• _Materials provided_:

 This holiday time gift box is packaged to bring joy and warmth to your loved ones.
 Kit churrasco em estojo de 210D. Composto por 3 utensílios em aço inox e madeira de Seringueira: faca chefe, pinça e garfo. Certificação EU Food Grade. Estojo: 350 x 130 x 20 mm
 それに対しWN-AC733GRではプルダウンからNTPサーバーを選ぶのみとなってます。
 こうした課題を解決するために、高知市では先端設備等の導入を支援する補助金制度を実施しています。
==
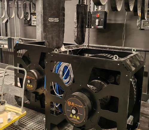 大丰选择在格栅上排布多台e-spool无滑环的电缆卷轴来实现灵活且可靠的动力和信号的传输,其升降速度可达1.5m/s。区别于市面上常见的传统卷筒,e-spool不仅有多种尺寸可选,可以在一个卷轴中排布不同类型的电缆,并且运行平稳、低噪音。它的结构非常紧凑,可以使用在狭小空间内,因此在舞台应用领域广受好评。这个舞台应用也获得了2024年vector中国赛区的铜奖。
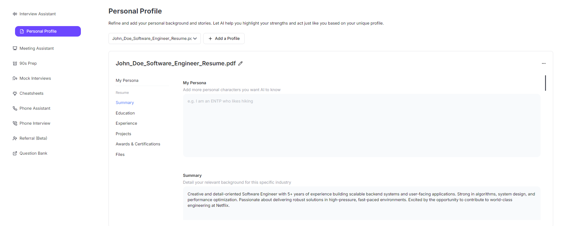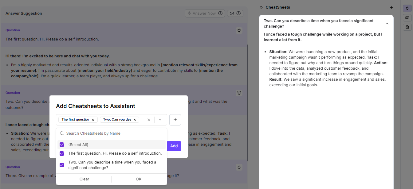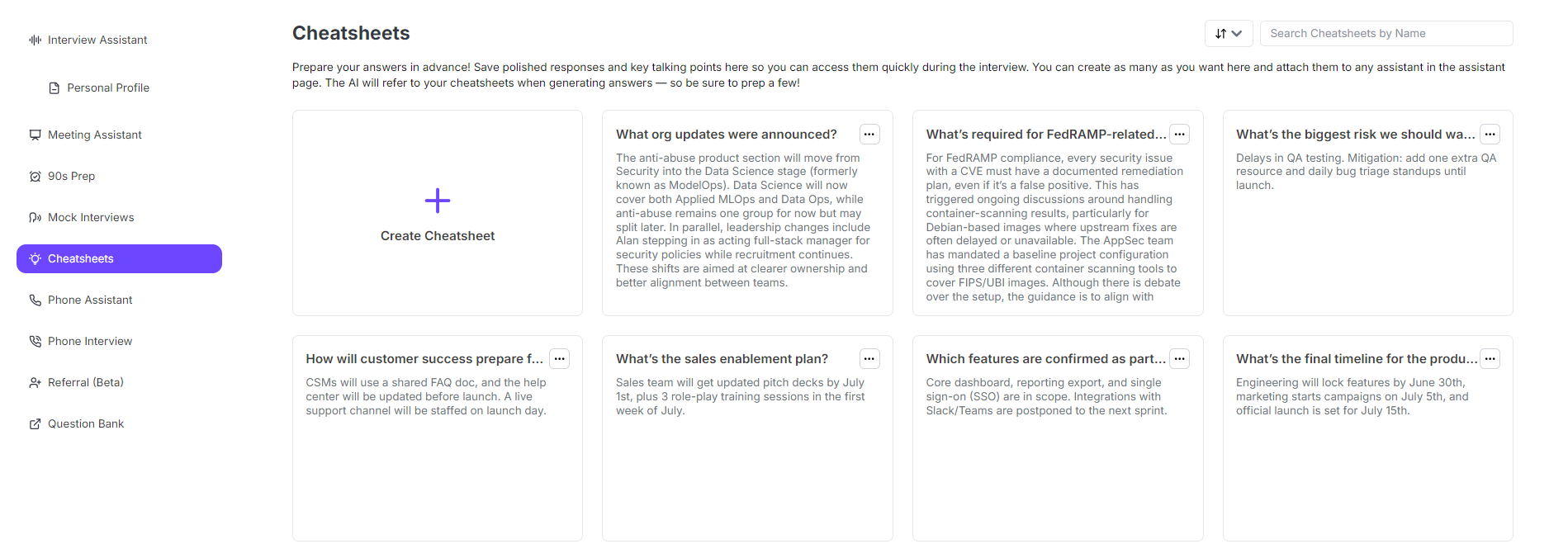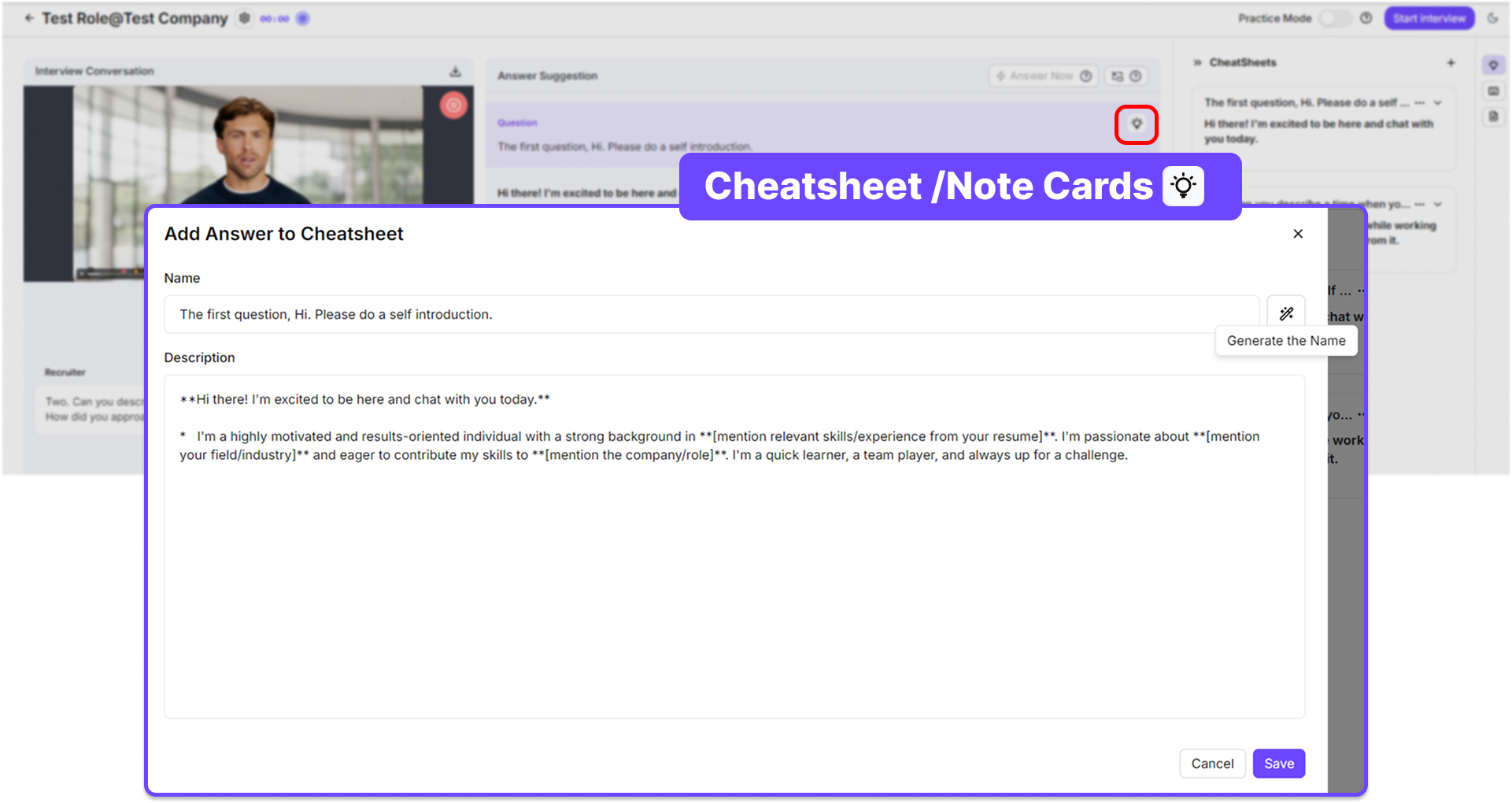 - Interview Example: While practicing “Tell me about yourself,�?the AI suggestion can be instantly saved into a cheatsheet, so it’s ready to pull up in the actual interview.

• _Task prompt_:
Could you write out, exactly as they stand, only the lines above that begin at the line with "それに対しWN-AC733G" and stop after the line with "こうした課題を解決するために"?

• _Exercise result_:
 それに対しWN-AC733GRではプルダウンからNTPサーバーを選ぶのみとなってます。
 こうした課題を解決するために、高知市では先端設備等の導入を支援する補助金制度を実施しています。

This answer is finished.